Держать их открытыми было невозможно: посмотришь вправо — там неуместно джентельменская рожа Тилваса, посмотришь прямо — звезды, ходящие ходуном, а слева вообще какая-то обшарпанная стенка. Совсем не то, что требуется умирающему человеку.
— Понятно, — вздохнул артефактор.
Я не успела спросить, что именно ему там понятно, как он сгреб меня в охапку, поднял, установил условно вертикально и эдак по-братски закинул мою руку себе на плечо.
— Идем-идем, — подбодрил он. — Надо добраться до места встречи с Мокки, а там уже туда-сюда, завалимся в какую-нибудь карету — и домой. Точнее, в гостиницу. Нескольких часов не пройдет, как окажешься в кровати. Закажем тебе чай — или что там приболевшая преступность хлещет — накроем этим мерзким одеялом из гусиного пера… И жизнь наладится.
Голос у него был на удивление дружелюбный. Даже странно.
— Ого, — пробормотала я, плетясь вслед за ним вдоль замковой стены. — Ты что, провинился в чем-то, Талвани? С чего такой милый тон?
— Да я вообще ничего так, — мгновенно отозвался Тилвас и поправил несуществующий галстук.
— Нет, ну а серьезно?
— А что, я должен был бросить тебя в склепе и свалить, предварительно пнув сапогом в живот?
— Скорее, доканывать подколками без передыха, — прикинула я.
Талвани открыл рот, чтобы что-то сказать, но потом резко захлопнул его. Продолжая поддерживать меня и упрямо тащить по хрустящей гравийной дорожке, он эдак элегантно зачесал волнистые волосы набок, прикусил губу, явно над чем-то раздумывая, а потом, поколебавшись, все-таки протянул:
— Ты разговаривала во время галлюцинаций.
Я аж подпрыгнула, что по меркам моего тогдашнего самочувствия было долбанным чудом.
— Нет!..
— Да.
— И что… Что я говорила?
Он взглянул на меня исподлобья.
— Подозреваю, что правду.
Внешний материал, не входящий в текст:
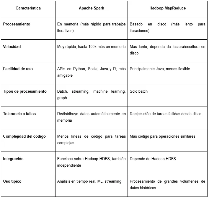 Spark se adapta a distintos formatos y fuentes: HDFS, bases SQL y NoSQL, archivos JSON o CSV, para combinar información de diferentes sistemas para generar reportes unificados, análisis de tendencias o dashboards interactivos, todo desde un único entorno, ahorrando tiempo y esfuerzo en la integración de datos.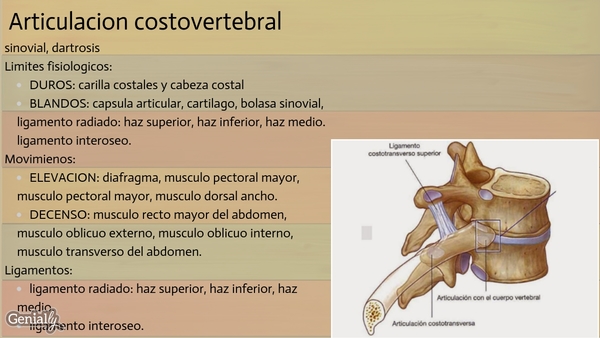 - BLANDOS: capsula articular, sinovial rudimentaria, ligamento interoseo, ligamento costotransverso superior, ligamento costotransverso inferior, ligamento costotransverso posterior, ligamento costolaminar.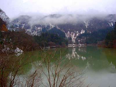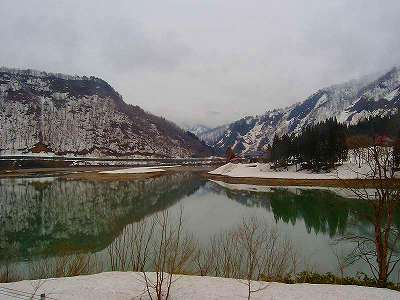 只見を過ぎると長い長いトンネル。この付近は、六十里越という街道の難所。今でも平行する国道252号線は冬季通行止め。このために只見線は廃止されずに残っていると聞きます。鉄路はこの峠を田子倉トンネルで越えます。きつい勾配をゆっくりのぼり、ふっとエンジンの音が静かになったかと思うと、トンネルを出る。出たところは急流が真ん中のほんの一部分だけ水の姿を見せ、あとは雪に覆われつつきびしいカーブを描きながら流れる。そしてその直後スノーシェッドで風景はかき消され、田子倉駅に停まります。この駅はシェッドの中にあって薄暗く、気味が悪いですよ。だれも降りない。だれも乗らない。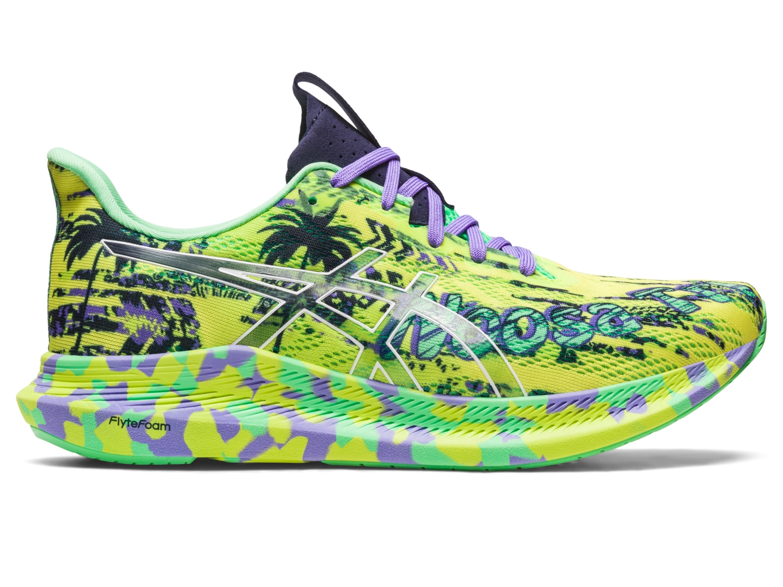 Bold colours and patterns on the engineered mesh upper are inspired by the early GEL-NOOSA⢠styles from the 2000s. Convenient features, like the tongue pull-tabs and toggled laces make the shoes easier to put on. This makes it more practical after exiting the swim stage of a triathlon or getting out the door quicker.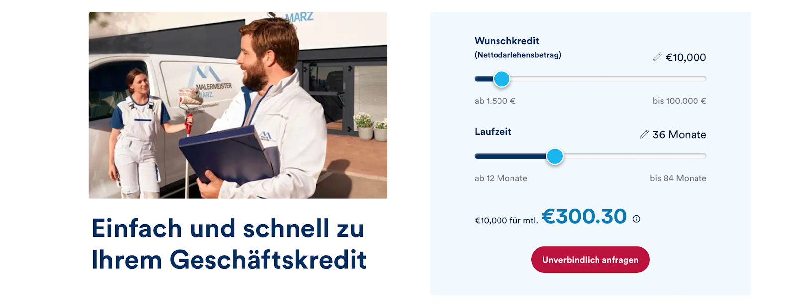 Die Targobank bietet flexible Optionen für Geschäftskunden, die auf der Suche nach Finanzierungsoptionen sind. Die Geschäftskredite der Targobank sind für Laufzeiten von 12 bis 84 Monaten verfügbar und können bis zu 100.000€ umfassen. Der effektive Jahreszins für Ihren Geschäftskredit bewegt sich zwischen 4,99 % und 10,95 %, je nach Kreditentscheidung der Targobank. Die Kreditanfrage erfolgt über die offizielle Website der Bank; die Kreditentscheidung erfolgt nach Angaben der Bank schnell.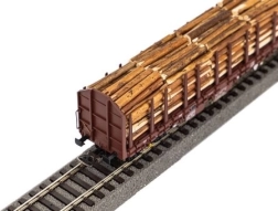 Tento model klanicového vozňa RSBG typu Roos-t642 od značky Piko je ideálny na rozšírenie nákladných súprav v epoše VI. Vozeň je z výroby naložený realistickým drevom a ponúka precízne detaily rámu, klaníc a plošiny pre verný vzhľad na koľajisku.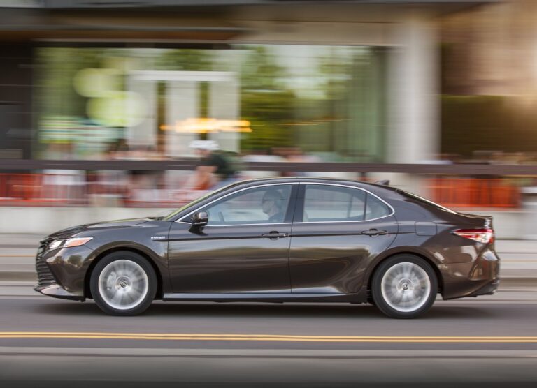 Camry 2018 ma smuklejszy profil niż obecny model. Dzięki obniżeniu punktów biodrowych pasażerów (niemal o 1,0 cala z przodu i o 1,2 cala z tyłu), a tym samym ich pozycji siedzącej, zespół projektowy mógł zmniejszyć całkowitą wysokość pojazdu o około cal w porównaniu do obecnego modelu i wprowadzić niższą linię dachu, nie rezygnując z przestrzeni wewnętrznej. Zachęciło to projektantów do dążenia do kształtu przecinającego wiatr i poprawy aerodynamiki. Uderzające linie charakterystyczne wzdłuż nadwozia podkreślają agresywne przednie i tylne błotniki, nadając Camry sportowy charakter, jakiego wcześniej nie dostrzegano w tym modelu.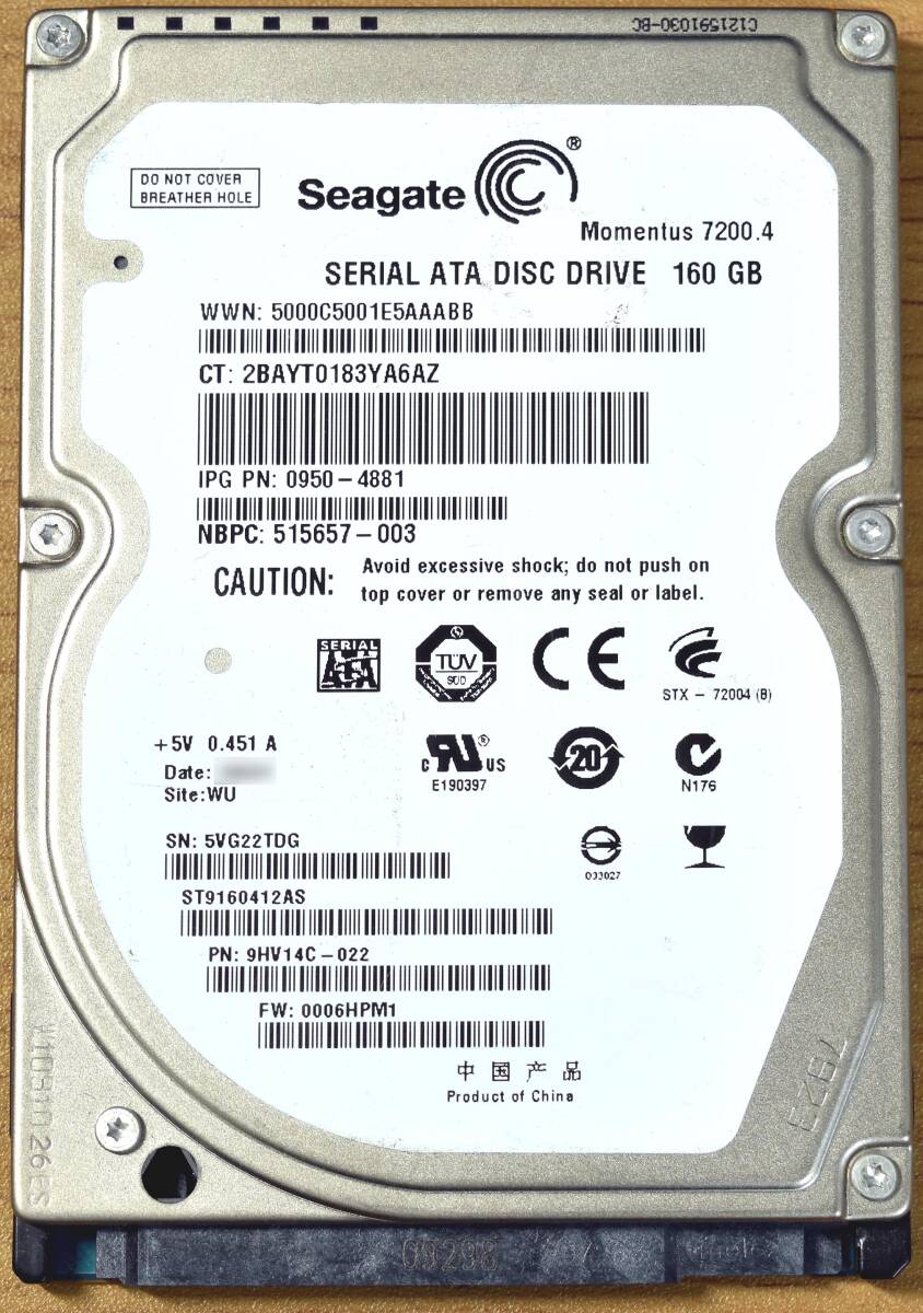 Seagate ST9160412AS [320GB 2.5インチ 9.5mm SATA HDD 2010年製 使用時間 1269H (Cristal DiscInfo 正常) (管:KH416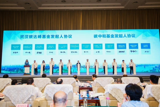 在随后召开的首届30·60国际会议上,曾董事长代表湖北碳排放权交易中心与武昌区、各大金融机构、产业资本签约了规模为100亿的“武汉碳达峰基金”,代表武汉知识产权交易所与国家电力投资集团、盛隆电气、正邦集团签约了规模为100亿的“碳中和基金”。新设立的两支百亿级的“碳基金”重点关注绿色低碳先进技术产业化项目,通过资本赋能加快绿色低碳转型提速,助力湖北省武汉市打造绿色低碳产业集群,实现中部绿色崛起。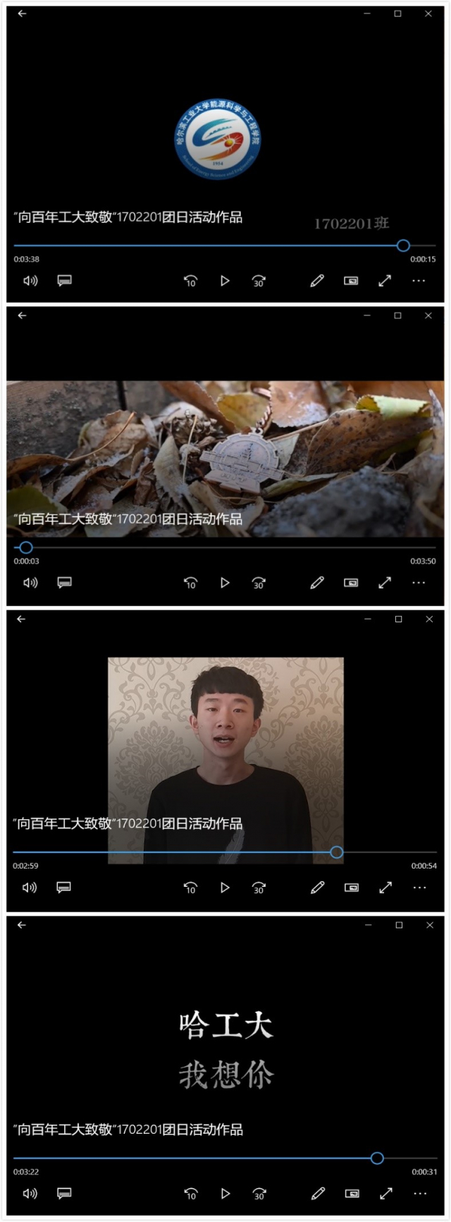在活动准备阶段,支部同学们各抒己见,从形式到内容都进行了多次的更改,最后确定了通过视频的方式留下一份属于哈工大和我们的特殊记忆。这份礼物是全班同学共同努力的结果,大家在家中录制了祝福黑人av 100周年生日快乐的视频和想对哈工大说的心里话,再由班级的组织委员精心剪辑、变成一份难忘的回忆。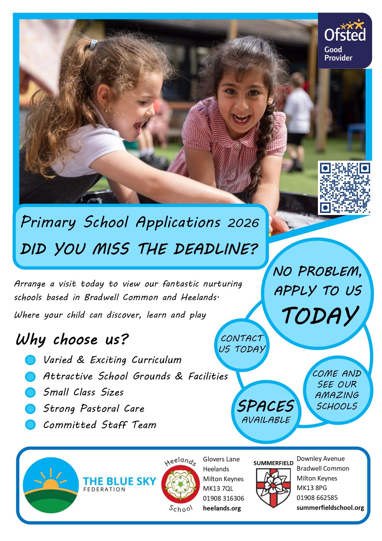 We are a one form entry Infant school situated in Heelands near the centre of Milton Keynes and we are a part of The Blue Sky Federation, alongside Summerfield School.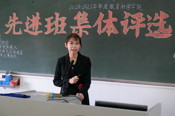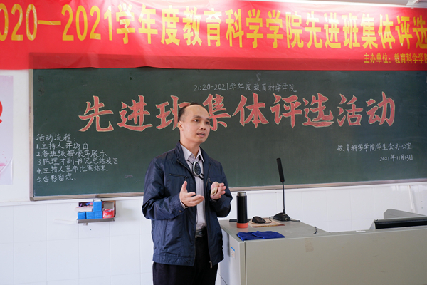 为了加强班级间的交流与联系,激发同学们的学习热情,促进同学们全面发展。11月13日上午,教育科学学院于教四801开展2020-2021学年度先进班集体评选活动。教科院党委副书记陈理才、辅导员李水清、朱丽儒和八大学生机构代表及外院嘉宾共同出席了本次活动。
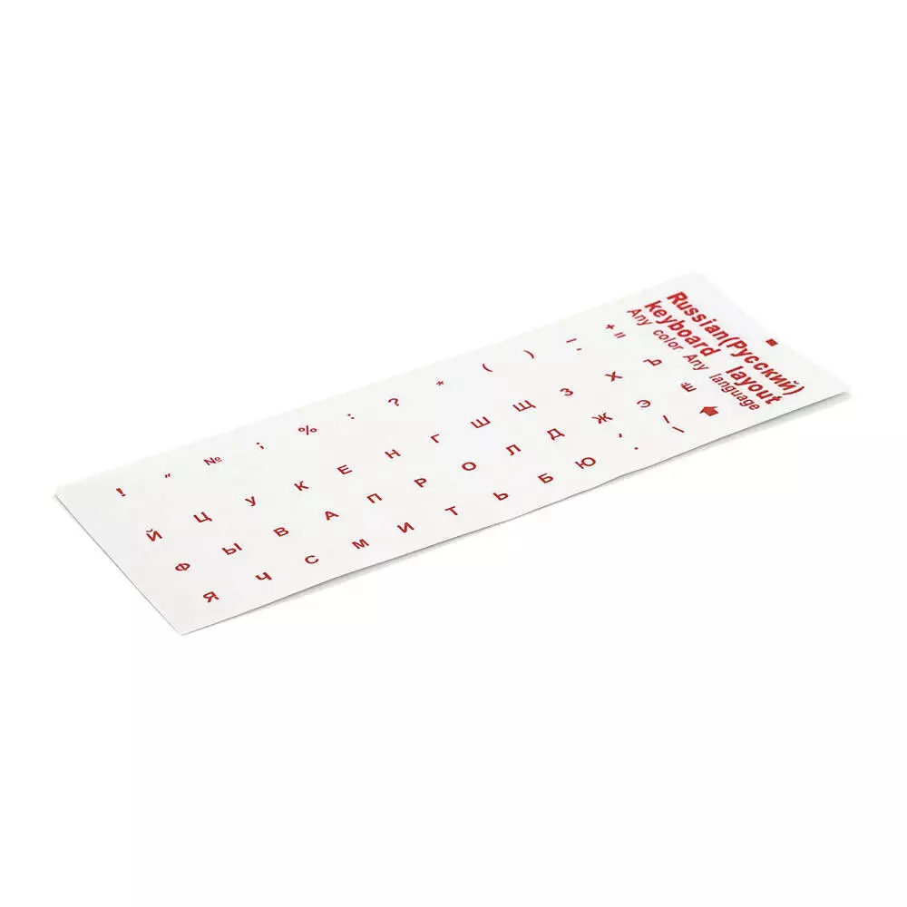 Прозорі наклейки на клавіатурі з червоними літерами Рус. для зручності набору тексту російською мовою.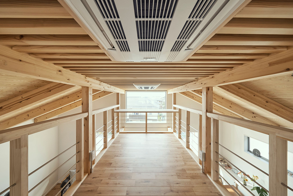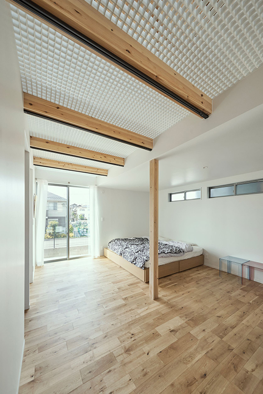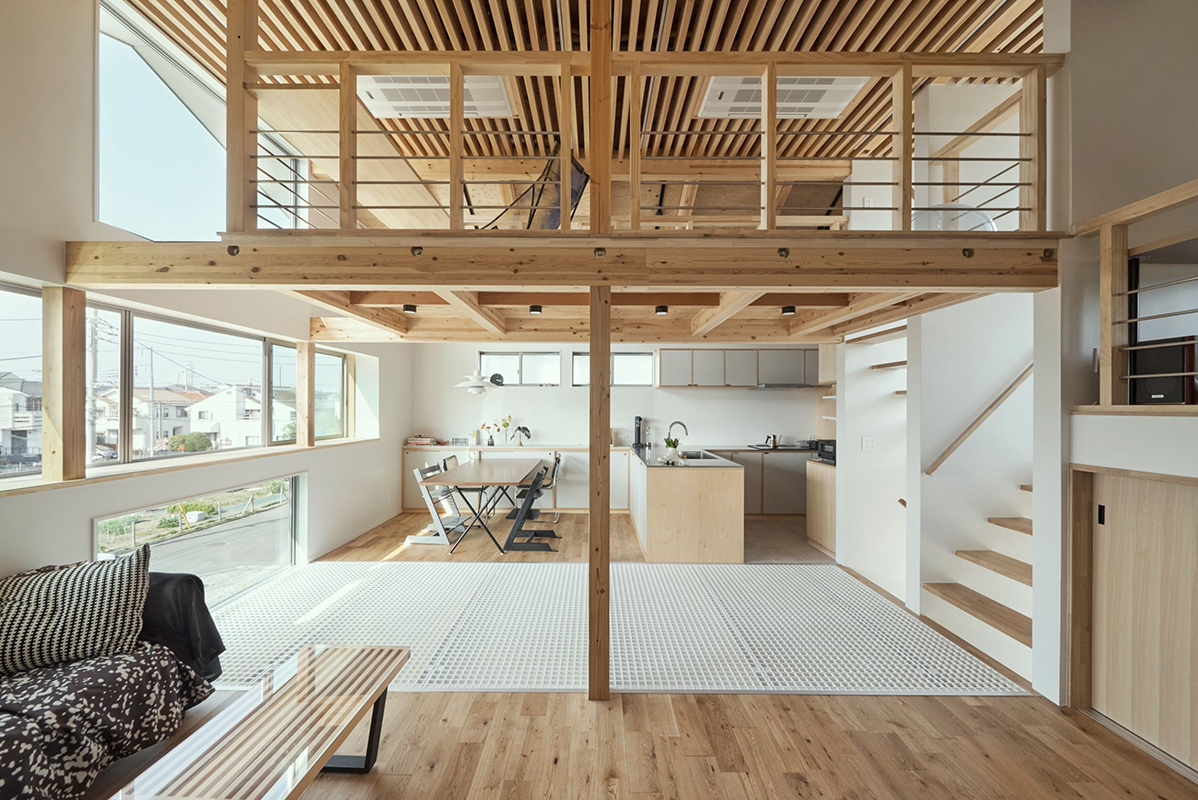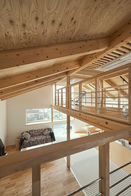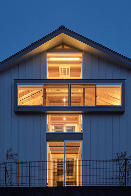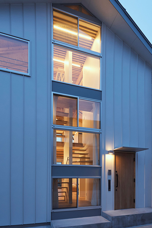 内部は吹抜けを介してワンルームとなっており、大きなヨコ窓とタテ窓があります。

Мне очень жаль, что с тобой такое случилось, Джеремия Барк. Или лучше сказать — Хэвергри Лайсо?
Моя рука невольно скользнула к плечу и спине — старые шрамы разболелись после видения. Я с ужасом почувствовала, что у меня задрожали губы, как перед плачем. Тилвас галантно отвел взгляд.
— Я не хочу говорить об этом, — прошипела я, чувствуя, как в груди набатом колотится ярость. — Слышишь, Талвани? Не вздумай меня расспрашивать, или сочувствовать мне, или «припоминать»: а, дескать, резня в Зайверино, я слы-ы-ы-ышал, ух ты-ух ты, да ты оттуда, дорогая?... Я не намерена обсуждать это, как-либо дискутировать, ставить, мать твою, автографы или что-то вроде. Не вздумай даже заикаться на эту тему. А если ты попробуешь выдать меня властям — хоть мысль об этом допустишь, хоть замечтаешься на секунду, — я найду тебя где угодно, Тилвас Талвани, и поверь: тебе это совсем не понравится. Ты понял меня, аристократ? — зашипела я, крепко хватая его за ворот и приближая свое лицо к его лицу.
Тилвас остался серьезен и спокоен. Меня же колотило от стыда и ярости. Преимущественно от стыда. Я не слабая. Я не жертва.
Меня
не надо
жалеть.
Тилвас, не отрывая от меня бесстрастного взгляда и не пытаясь высвободиться, кивнул. Мы были так близко, что я почувствовала между нами напряжение, какое возникает между двумя магическими сферами — или ладонями, если перед этим их хорошенько, до жара, потереть друг о друга.
Несмотря на мои угрозы, Талвани продолжал держать меня. Глупый Тилвас. Зачем удерживать от падения того, что готов перегрызть тебе глотку? Отпусти — будь нормальной среднестатической сволочью, ну. Не ломай шаблоны.
— И никаких больше грустных рож, пока мы не закончим с нашей миссией, — продолжала диктовать я, подтягивая его за ворот еще чуть ближе. — Все, давай, натягивай обратно свое ехидство и легкомыслие! Быстро! Живей, Талвани! Ты ничего не слышал. Ты ничего не знаешь. Я — несносная воровка, которая тебя бесит аж до дрожи. Ясно?
Он снова серьезно согласился. На дне его глаз мне виделись волны далекого моря: спокойные, вечные, безмятяжеые.
А потом Тилвас моргнул и… сделал все ровно по заказу, ах ты ж умничка, тебе бы в официанты! А именно — он криво, бестолоково ухмыльнулся:
— Предельно ясно, мэм, — фыркнул он, панибратски меня обнимая. — Но поддерживать-то я тебя могу, воровка? Я имею ввиду, физически. Ты, кажется, сейчас упадешь из-за количества яда.